← Beranda
Top Skor Copa Libertadores 2026, Alex Arce Siap Tampil di Piala Dunia dan Pindah ke Liga Turki
Andre Rizal HanafiSabtu, 13 Juni 2026 | 02.35 WIB
Penyerang Paraguay Alex Arce. (Istimewa)

 

JawaPos.com - Penyerang Paraguay Alex Arce kembali menjadi sorotan berkat ketajamannya di level klub maupun tim nasional. Striker berusia 30 tahun itu saat ini memimpin daftar pencetak gol Copa Libertadores 2026 dengan koleksi delapan gol bersama Independiente Rivadavia.

Performa tersebut semakin memperkuat reputasi Alex Arce sebagai salah satu penyerang paling konsisten di kawasan CONMEBOL dalam beberapa tahun terakhir. Ke mana pun dia bermain, gol hampir selalu menjadi bagian dari kisahnya.

Musim ini menjadi bukti terbaru. Meski Independiente Rivadavia bukan tim unggulan dalam persaingan Libertadores, Alex Arce mampu tampil menonjol dan menjadi tumpuan utama lini depan. Insting mencetak gol, kemampuan duel udara, serta penyelesaian akhir yang efektif membuatnya menjadi ancaman bagi setiap lawan.

Baca Juga: Jadwal Timnas Indonesia U-19 vs Kamboja U-19 di Perebutan Tempat Ketiga Piala AFF U-19 2026

Karir Arce tidak dibangun secara instan. Lahir di Carapegua, Paraguay, pada 16 Juni 1995, dia mengawali perjalanan sepak bolanya dari akademi Cerro Porteno. Namun, jalan menuju puncak tidak langsung terbuka lebar.

Setelah hanya mencatatkan satu penampilan bersama tim utama Cerro Porteno, Arce harus menempuh jalur yang lebih panjang. Dia sempat memperkuat Rubio Nu dan Sportivo Ameliano sebelum menemukan performa terbaiknya.

Namanya mulai dikenal luas ketika membela Independiente Rivadavia pada periode 2023 hingga 2024. Dalam 36 pertandingan liga, dia mencetak 28 gol dan menjadi salah satu faktor penting keberhasilan klub tersebut bersaing di Argentina.

Baca Juga: Jadi Penentu Kemenangan Timnas Korea Selatan, Oh Hyeon-gyu Lupa Caranya Jebol Gawang Republik Ceko

Ketajamannya kemudian menarik perhatian klub Ekuador, LDU Quito. Bersama klub tersebut, Arce kembali menunjukkan kualitasnya dengan mencetak 31 gol dari 43 pertandingan. Dia turut membantu tim meraih gelar juara Liga Ekuador dan menambah koleksi trofi dalam karir profesionalnya.

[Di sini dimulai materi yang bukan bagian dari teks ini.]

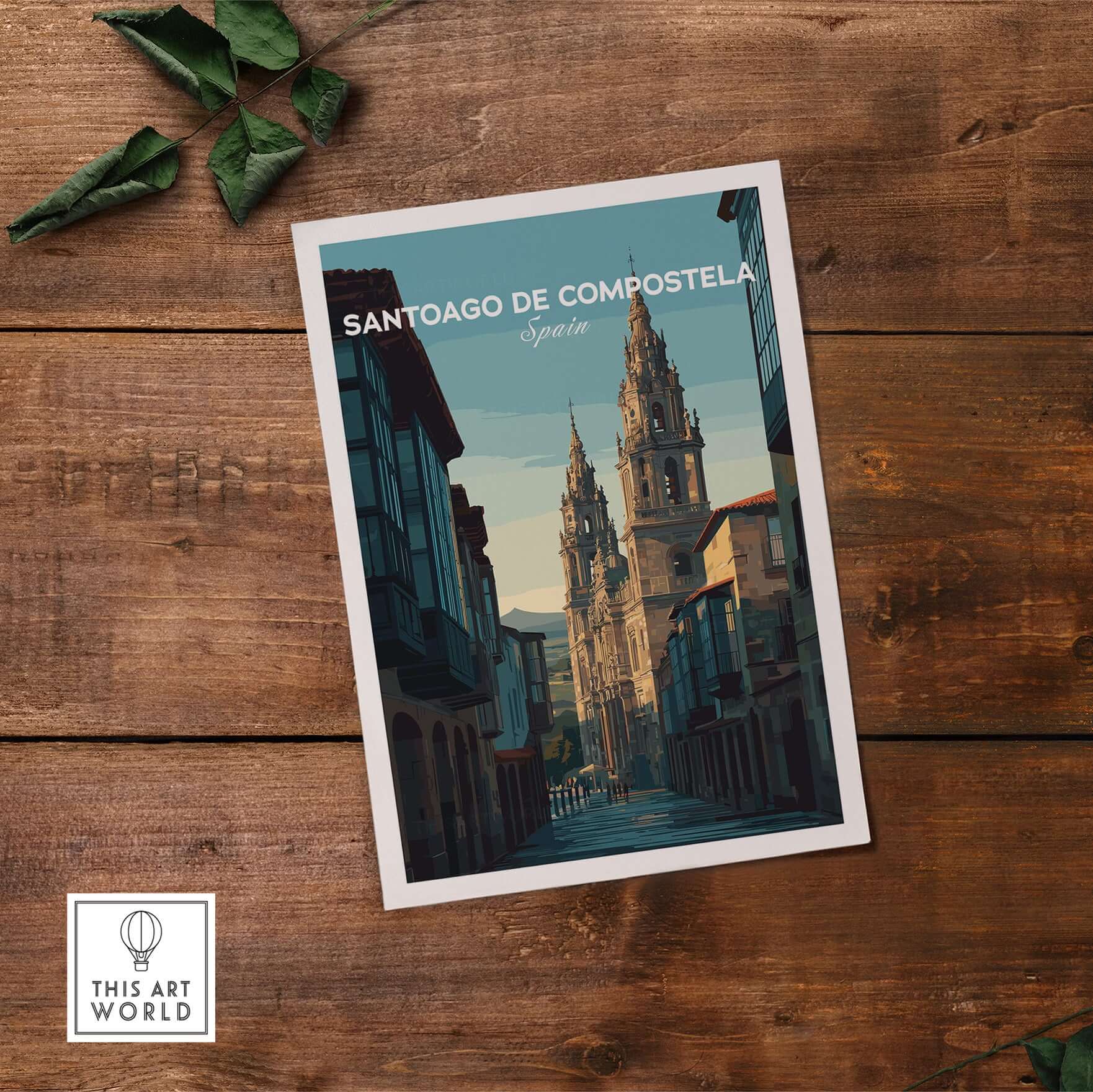 Santiago de Compostela Galician Old Town Architecture Print | Camino Wall Decor displayed among other city posters
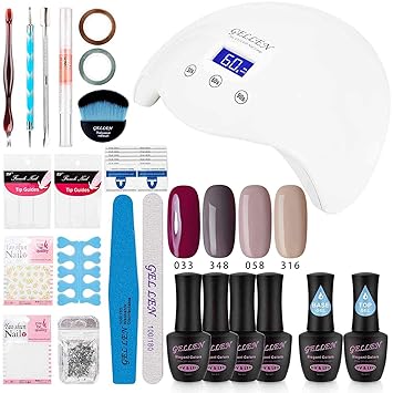 Amazon Com Gellen Gel Nail Polish Starter Kit With 24w Led Lamp
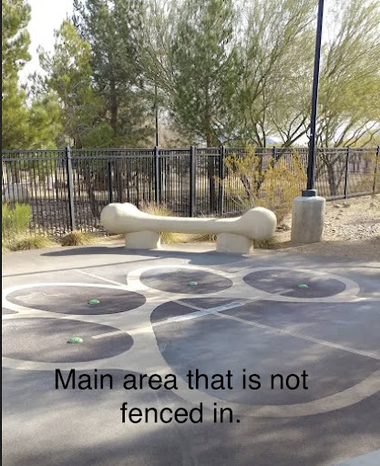 There is a large splash pad area, but itās not fenced in, so you canāt safely let your dog off-leash. Thereās also a very small fenced-in splash zone with two fire hydrants that spray water, but you have to keep holding a button for the water to work, and the area is mostly taken up by rocks, making it even more cramped.
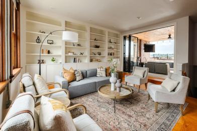 Designed for ultimate comfort and style, this penthouse boasts a luxury kitchen equipped with marble counters, high-end appliances, and a large island with dining for eight. The living room offers a cozy retreat, while the beautiful rooftop patio provides sweeping city views, perfect for relaxing in the hot tub or entertaining.
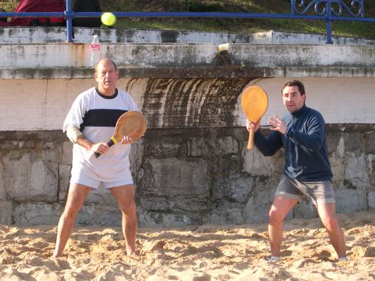 Descripción: "Polo" y Manuel (en su reaparición como palista) con el muro de la Concha de fondo.
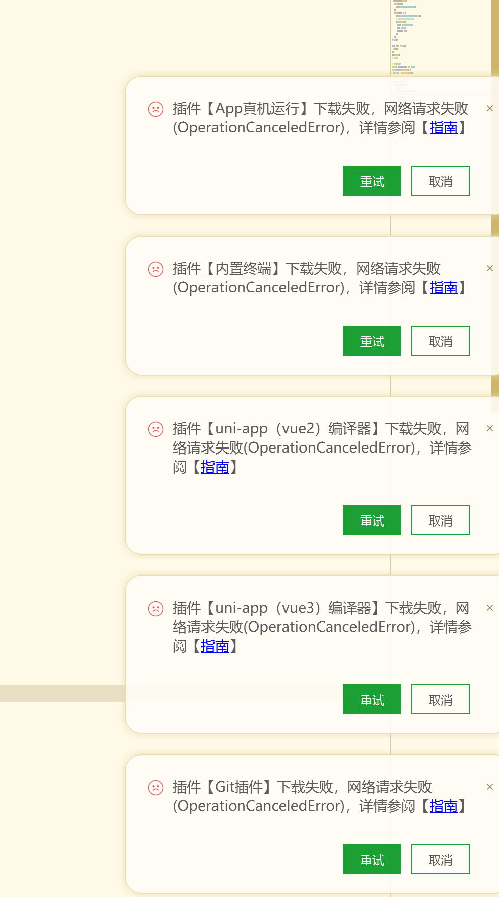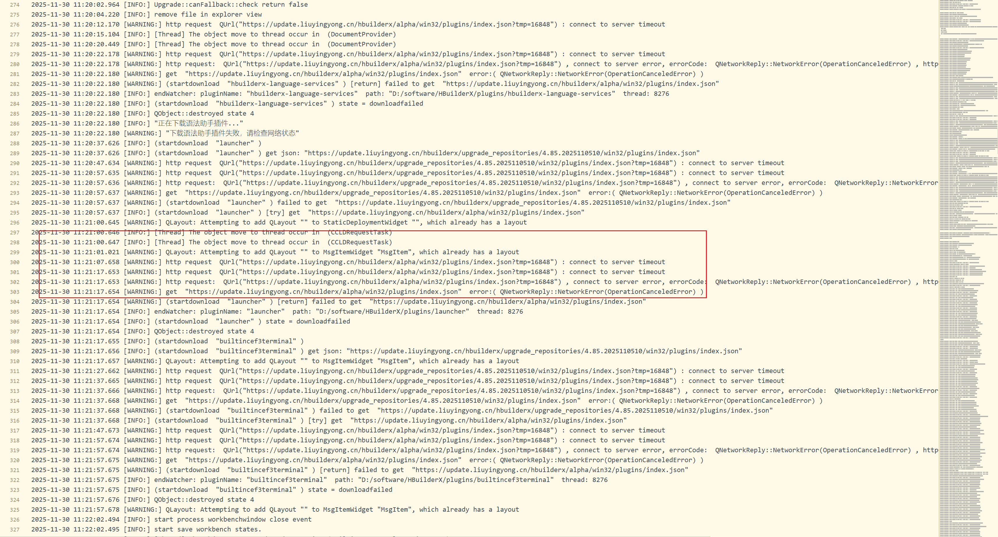 更多详情请参考插件安装失败问题汇总文档。若问题持续,建议通过HBuilderX菜单【帮助】【查看运行日志】获取具体错误信息,或联系官方支持(QQ群:HBuilderX)。
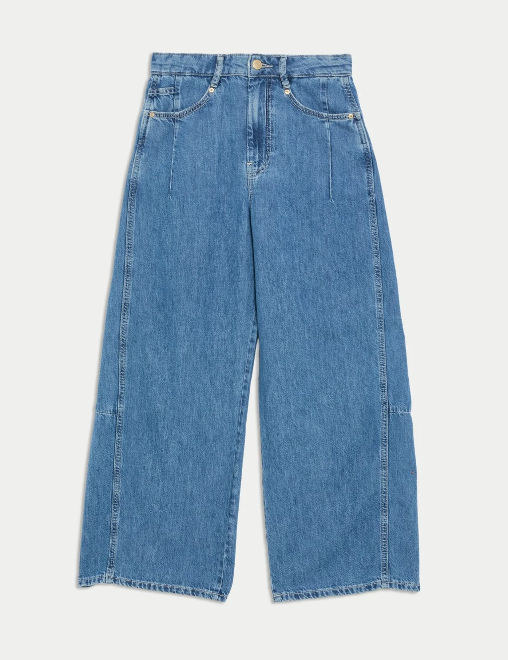 These on-trend jeans from our Autograph collection are crafted from a blend of comfortable cotton and smooth lyocell™ for a soft and breathable feel against the skin. They have a classic barrel leg and a flattering high waist which the crisp straight-line pleats help to enhance. The timeless five-pocket design is complemented by traditional rivet detailing and an embossed button. Autograph: premium investment pieces featuring contemporary cuts and refined finishing touches.
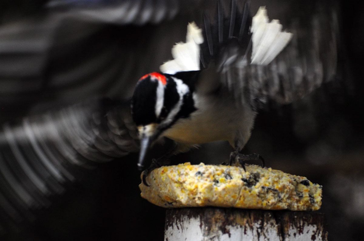 I swear, the birds who visit the deck need an air traffic controller. The large Scream of Blue Jays who have adopted us don’t have the slightest care of who they might be flying into, and in this case, upset the Hairy Woodpecker I was trying to shoot. I saw a Grackle this morning! Excitement – I’m very fond of grackles, but this one didn’t stick long enough for photos. A Robin was out and about today, too, on a day that snapped brittle and cold.

Tak heran jika setelah kembali ke Independiente Rivadavia pada 2025, ekspektasi besar langsung mengiringinya. Meski persaingan semakin ketat, Arce tetap mampu memberikan kontribusi penting, termasuk di ajang Copa Libertadores yang menjadi panggung utamanya musim ini.

Di level internasional, Arce mulai mendapatkan kepercayaan bersama Timnas Paraguay sejak 2024. Hingga Juni 2026, ia telah mengoleksi 15 penampilan dan satu gol untuk negaranya. 

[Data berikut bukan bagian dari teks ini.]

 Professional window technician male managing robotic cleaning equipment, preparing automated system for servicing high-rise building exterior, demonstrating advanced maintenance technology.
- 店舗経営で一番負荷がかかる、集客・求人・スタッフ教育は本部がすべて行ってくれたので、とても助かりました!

Meski belum setajam saat bermain di klub, keberadaannya memberikan alternatif penting bagi lini serang Paraguay. Kini fokus berikutnya adalah Piala Dunia 2026. Dengan performa yang sedang menanjak, Arce berpeluang menjadi salah satu pemain kunci Paraguay dalam upaya mereka melangkah sejauh mungkin di turnamen terbesar sepak bola dunia tersebut.

Menariknya, masa depan Arce juga mulai menjadi bahan pembicaraan. Sejumlah laporan menyebutkan bahwa sang striker akan melanjutkan karir di Liga Turki setelah Piala Dunia berakhir. Kepindahan itu dipandang sebagai langkah baru bagi pemain yang selama ini sukses membuktikan kualitasnya di Paraguay, Argentina, dan Ekuador.

Jika transfer tersebut benar-benar terwujud, maka Turki akan menjadi babak baru dalam perjalanan seorang penyerang yang karirnya dibangun lewat kerja keras dan konsistensi. Dari klub-klub yang tidak terlalu diperhitungkan hingga menjadi top skor kompetisi paling bergengsi di Amerika Selatan, Álex Arce terus menunjukkan bahwa naluri golnya belum habis.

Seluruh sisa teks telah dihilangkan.